• Problem description:
Repeat every entry word for word, skipping the pictures.

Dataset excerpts
- Opening Delimiter -

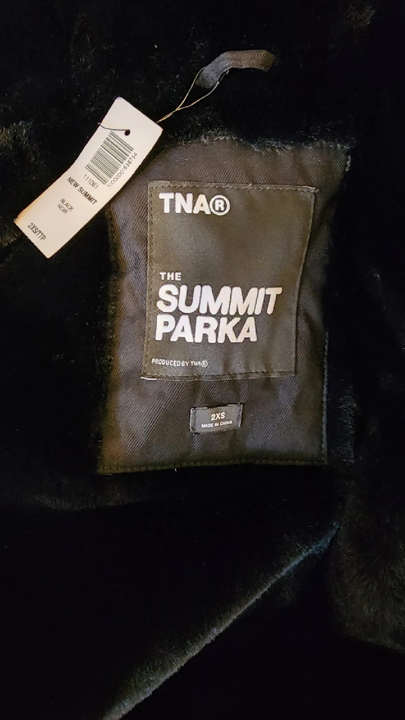 60Selling a TNA The Summit Parka in black, size 2XS. This parka features Climate Lab warmth, with 700+ fill power for superior warmth and less weight. It's responsibly sourced and made with Arctic Twill fabric, making it waterproof and windproof. Designed in Canada to withstand the elements!
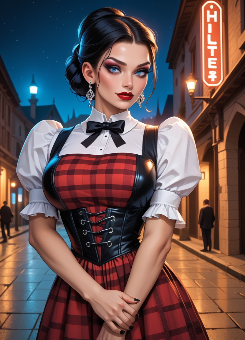 키워드: hud_drthy_drss, 파란 드레스, 피나포어 드레스, 짧은 풍선 소매, 체크무늬,
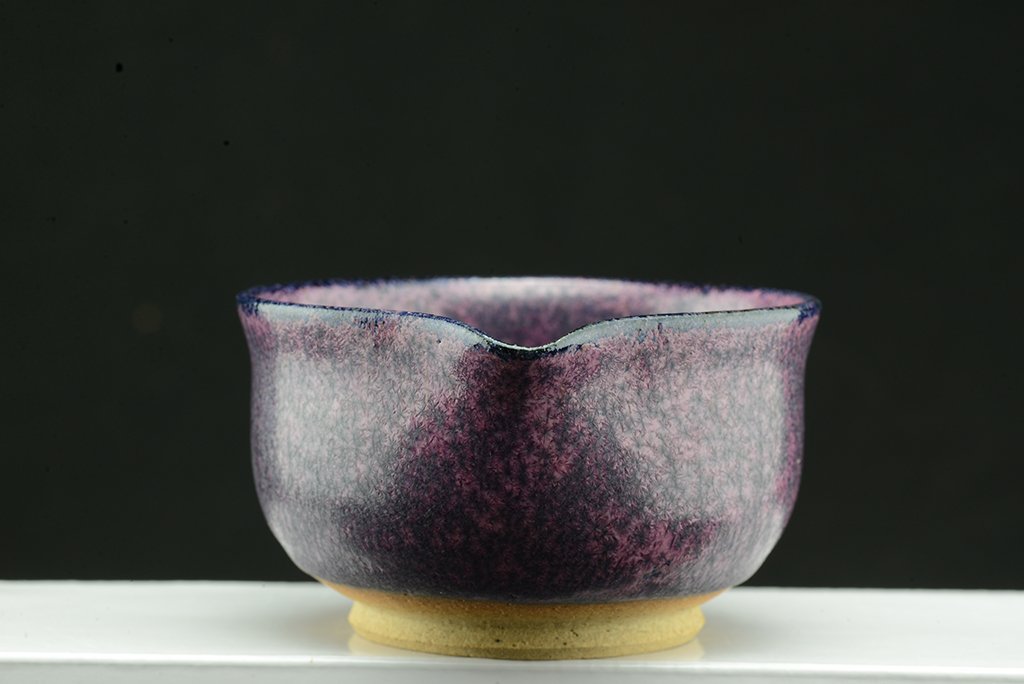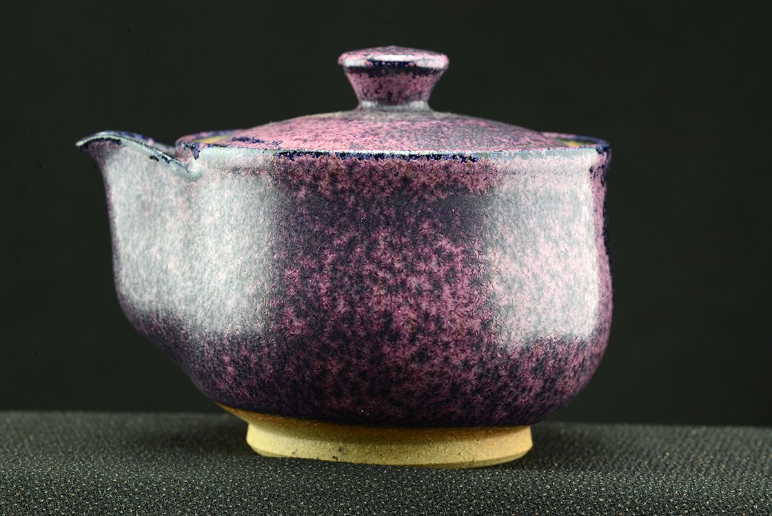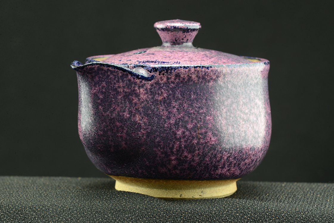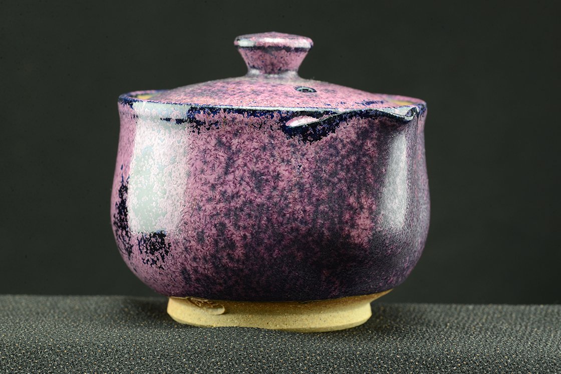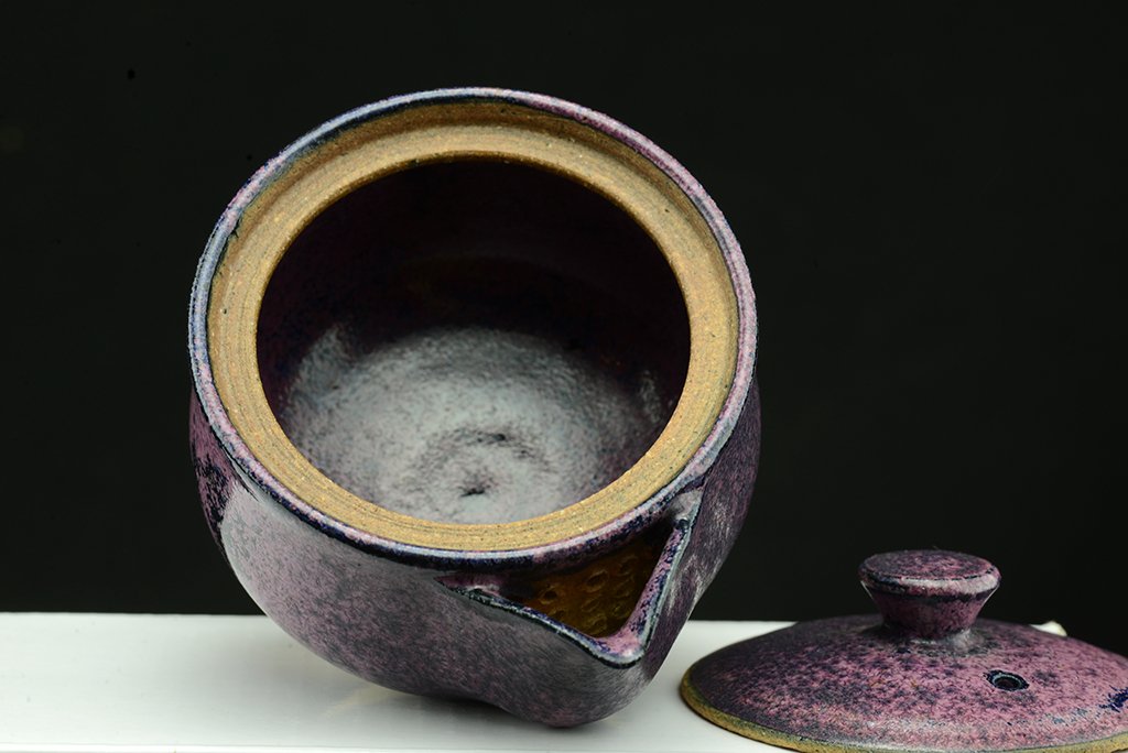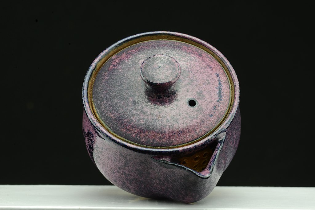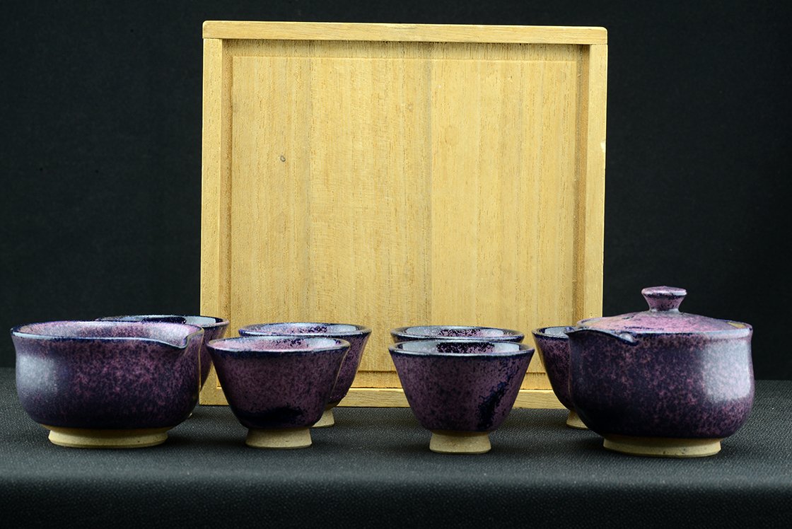 Shino teáskészlet bíbor tenmoku mázzal. A hoihin 130 ml űrtartalmú, egy kiöntő és hat csésze jár hozzá. A málnafagyi különösen jól mutat benne. Főleg sencha és gyokuro elkészítésére tervezték.
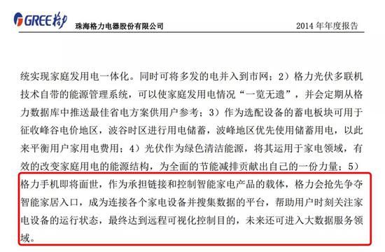 早在2014年年报中,格力便表示未来会进入智能家居领域,而且会以格力手机作为连接智能家居的中心。
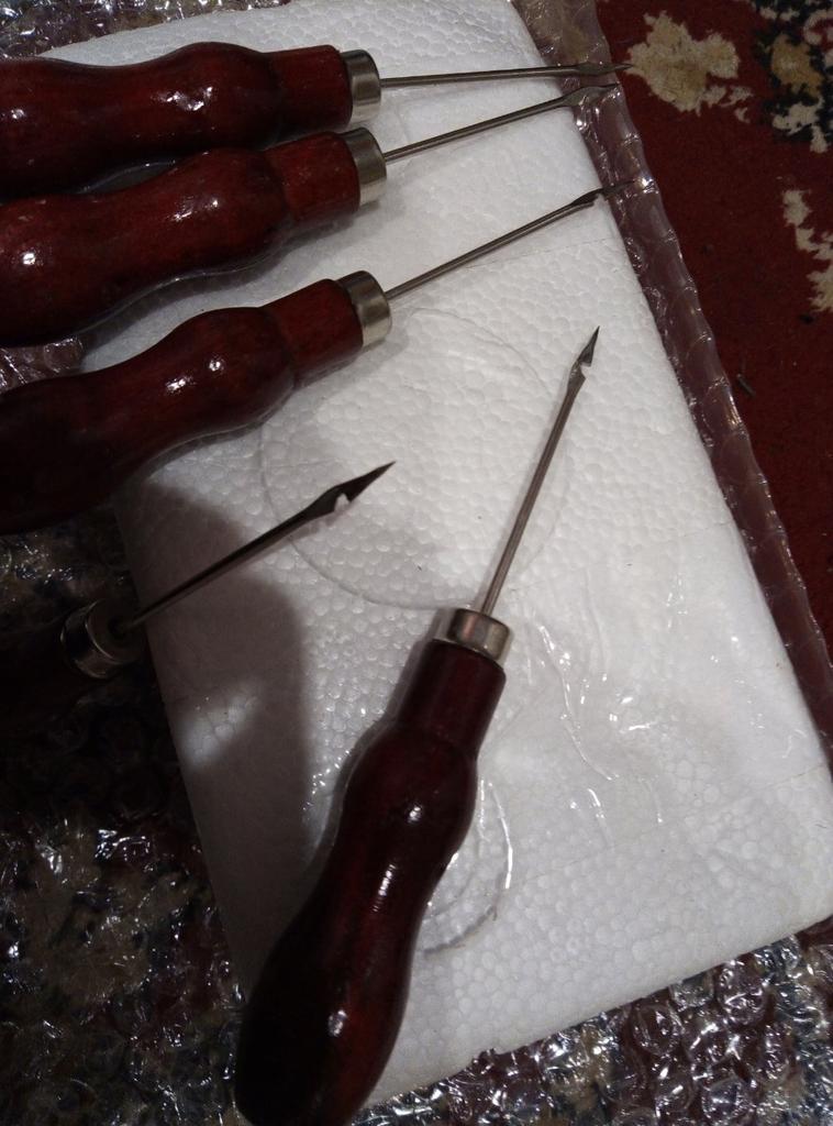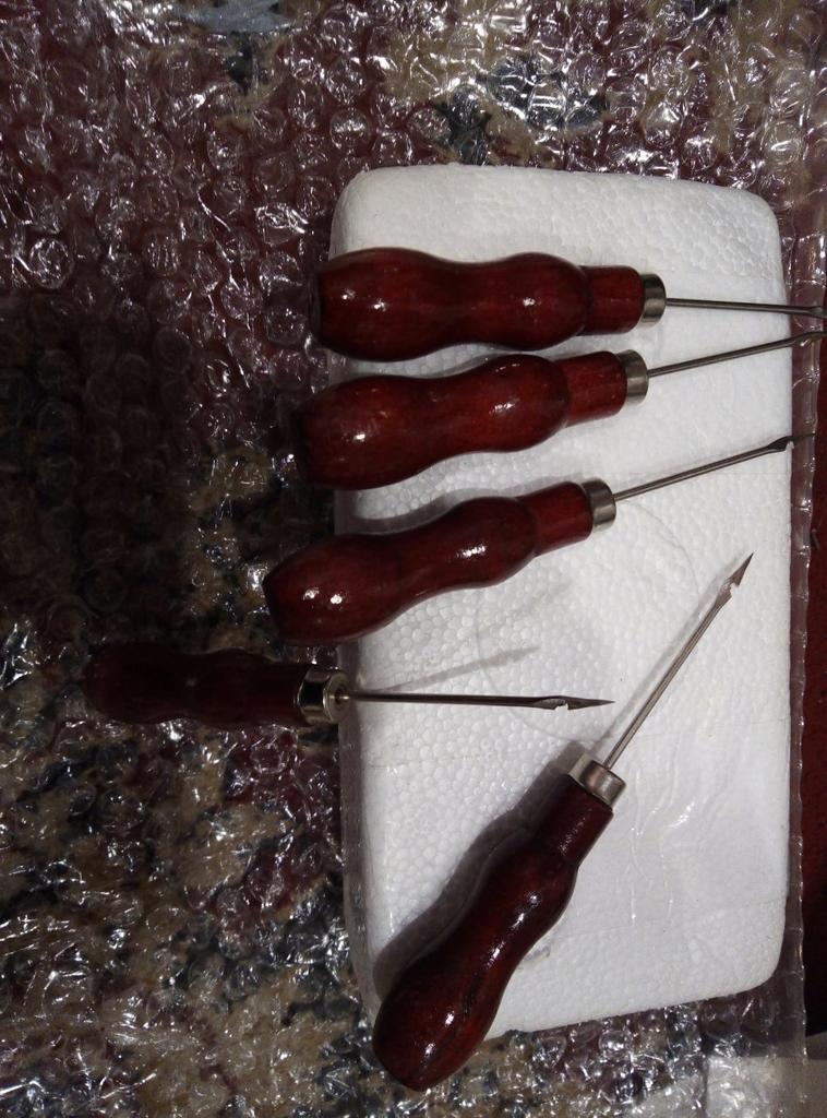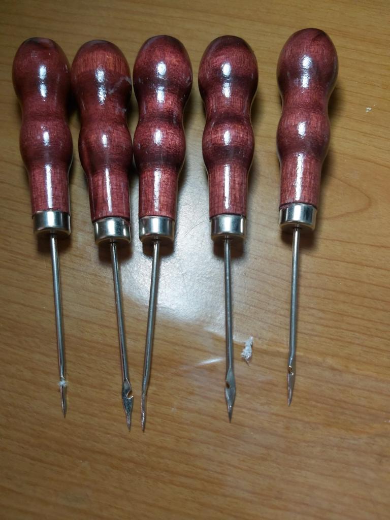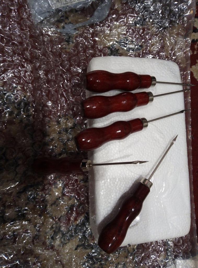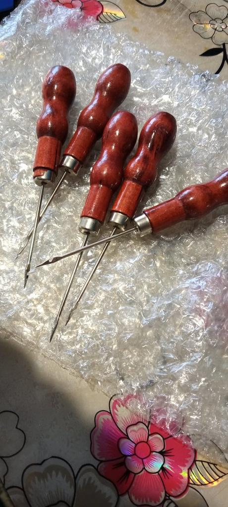 5 Pcs Red Leather Awl Leather Shoe Repair Hook Awl Hand Sewing Tool
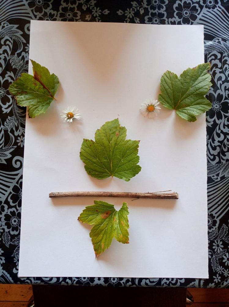 We get a daily 'Challenge' assigned to us amongst other things, and one of our challenges was to create a piece of art using things we find outside in nature. Finley made this face.

- Closing Delimiter -

• Written answer:
 60Selling a TNA The Summit Parka in black, size 2XS. This parka features Climate Lab warmth, with 700+ fill power for superior warmth and less weight. It's responsibly sourced and made with Arctic Twill fabric, making it waterproof and windproof. Designed in Canada to withstand the elements!
 키워드: hud_drthy_drss, 파란 드레스, 피나포어 드레스, 짧은 풍선 소매, 체크무늬,
 Shino teáskészlet bíbor tenmoku mázzal. A hoihin 130 ml űrtartalmú, egy kiöntő és hat csésze jár hozzá. A málnafagyi különösen jól mutat benne. Főleg sencha és gyokuro elkészítésére tervezték.
 早在2014年年报中,格力便表示未来会进入智能家居领域,而且会以格力手机作为连接智能家居的中心。
 5 Pcs Red Leather Awl Leather Shoe Repair Hook Awl Hand Sewing Tool
 We get a daily 'Challenge' assigned to us amongst other things, and one of our challenges was to create a piece of art using things we find outside in nature. Finley made this face.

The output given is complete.